Pastoral Statement – ANZAC Day and the Call to Honour All
30 April 2026
In recent days, many across our nation have been deeply troubled by reports of incidents of racism at ANZAC Day services - gatherings that are intended to be sacred spaces of remembrance, unity, and shared gratitude.
As Moderator, I join with the President of the Uniting Church in Australia, and Muth arrak (UAICC), in expressing both lament and resolve. I commend the President’s statement and encourage all within our Church to read it carefully and prayerfully. It speaks with clarity about who we are called to be.
ANZAC Day is not simply a national tradition; it is a solemn act of collective memory. We remember those who served and sacrificed - men and women from many cultures, nations, and backgrounds, including Aboriginal and Torres Strait Islander peoples, whose contributions were long overlooked and whose dignity must never again be denied. To honour their service while allowing words or attitudes of racism to surface is a contradiction we cannot ignore.
Racism has no place in the story we tell on ANZAC Day. It has no place in the Church.

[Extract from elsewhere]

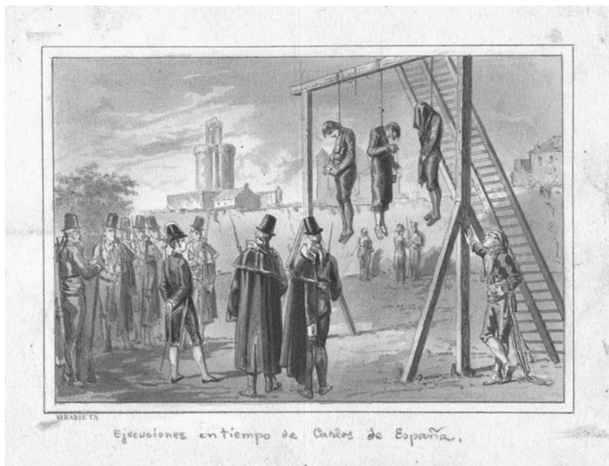
Vicente Urrabieta: Execucions en temps de Carlos de España , dibuix a la mina de plom i aiguada. Barcelona, Unitat Gràfica de la Biblioteca de Catalunya. (L'estampa aparegué a Balaguer 1863, V, 574-575).

També d'Urrabieta, però gravats per Furnó, són Jaume el Conqueridor lliurant l'espasa al seu fill 35 , l'episodi del guant de Corradino 36 i l'emperatriu Isabel Cristina embarcant-se a Barcelona cap Alemanya 37 . Altres il·lustracions de Vicente Urrabieta, sobre el bei de Tunis davant Carles V a Barcelona 38 , la que representa Pau Claris 39 , Rocaguinarda i els seus bandolers 40 , el jurament dels capitans barcelonins el 1713 41 , el general Bellver i Balaguer 42 , o

It has no place in the heart of the Gospel.
The life and witness of Jesus Christ consistently draw us toward the other, never away. Again and again, Scripture reminds us that every person is created in the image of God, and that in Christ, dividing walls are broken down - not reinforced.
At its best, ANZAC Day calls forth a spirit of shared humanity - a recognition that sacrifice, courage, and loss bind us together across difference. When that spirit is diminished by exclusion or hostility, something sacred is diminished among us.
So this moment calls for more than disappointment. It calls for repentance, for honest reflection, and for renewed commitment.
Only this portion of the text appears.